Bill Mitchell has a similar article at: The Euro crisis is all their own doing.
an excerpt therefrom:
Conclusion
The point is that the bond markets will always fund nations that issue their own currency because they know that the government carries no solvency risk.
At times when growth is robust, the investors will diversity into corporate debt instruments to seek higher returns. The consequence is that government bond yields will rise as demand for them falls. We cannot interpret that as saying that the bond markets think there is an increased risk in holding government debt. It is just that growth is robust enough to reduce the risk of holding private debt.
When times are tight, the bond investors will increasingly seek safe havens in government debt and yields drop. That choice is irrespective of whether the government is pursuing austerity or expansion. The bond markets know that irrespective of the state of the economy the currency-issuing governments can and will always pay up.
The opposite is the case in the Eurozone. It is only when the prospects of growth are good and tax bases strong that the bond markets will take the risk and lend at low yields to governments that use a foreign currency (the Euro). That is because they always know there is solvency risk.
Thinking that austerity will solve a sovereign debt problem in a monetary union where all the member states face solvency issues is like thinking that pigs might fly. It is a fantasy. from http://bilbo.economicoutlook.net/blog/?p=19893#more-19893
“The point is that the bond markets will always fund nations that issue their own currency because they know that the government carries no solvency risk.”

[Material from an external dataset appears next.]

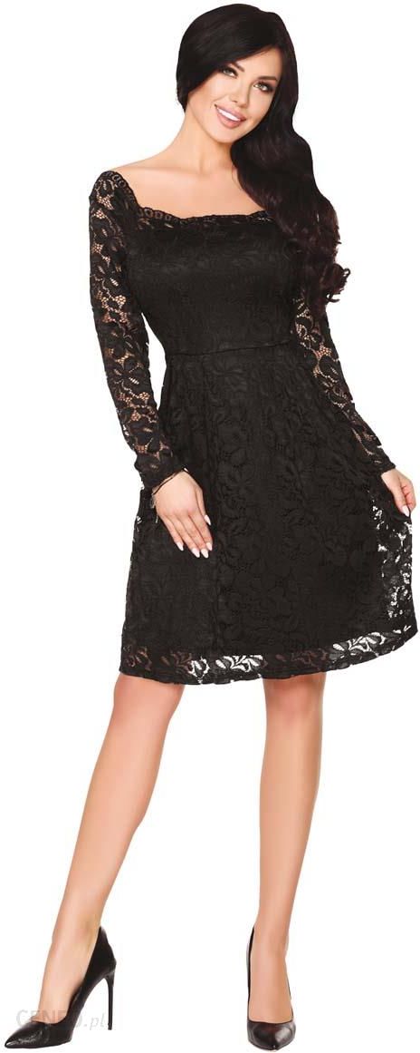 Merribel Czarna Rozkloszowana Sukienka z Koronki z Pięknym Dekoltem

Patently false, no? Zimbabwe issues its own currency and has (technically) no solvency risk? Something doesn’t add up, or the words we use change meaning, for most people would consider Zimbabwe to be insolvent despite its surfeit of currency. Hungary issues its own currency too, its 10-year bond is around 8.6 %. Spain, in contrast, has the 10-year at 6.9 %.
Bill Mitchell: Zimbabwe for hyperventilators 101
Thank you, reading….
Zimbabwe doesn’t use much domestic currency anymore since their hyperinflation incident. The local papers report that consumers and shop keepers are accepting a basket of currencies, including local currencies like the Batswana Pula and the South African Rand, and others like the US dollar.

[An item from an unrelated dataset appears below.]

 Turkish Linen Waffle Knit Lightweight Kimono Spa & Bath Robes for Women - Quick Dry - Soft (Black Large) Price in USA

Great catch! Sure, as long as cuts to the deficit are all about firing teachers and cutting the standards of living of the little people, it’s all great and sound economic policy. When revenue equivalents like expiration of tax cuts benefitting mostly the rich come into play with no way to suppress them, budget balancing is counterproductive and will lead to more problems.
It has really gotten to the point where future historians will look at this period and shake their heads in total disbelief at how easily a plutocracy can manipulate the public “debate” into a total theater of the absurd for total morons, with said morons including pretty much the vast majority of all the professional classes entrusted with supposedly paying attention for the benefit of society.
Correction: vast majorities in all the professional classes. My apologies.
Austerity is not stupid. It is intentionally “stupid.” It is the method by which then 1% distances itself from the 99%.
Austerity always wreaks greater hardship on the 99%.
All the wealthy 1% preach austerity. You never will hear a 99% man say the government should spend less on benefits. Unfortunately, the 99% have been so brainwashed by the 1%, they actually get angry when you tell them federal deficit spending needs to increase.
Those who do not understand Monetary Sovereignty do not understand economics.
Rodger Malcolm Mitchell
Can we put a bunch of dead fat cats in a box and pretend they are alive?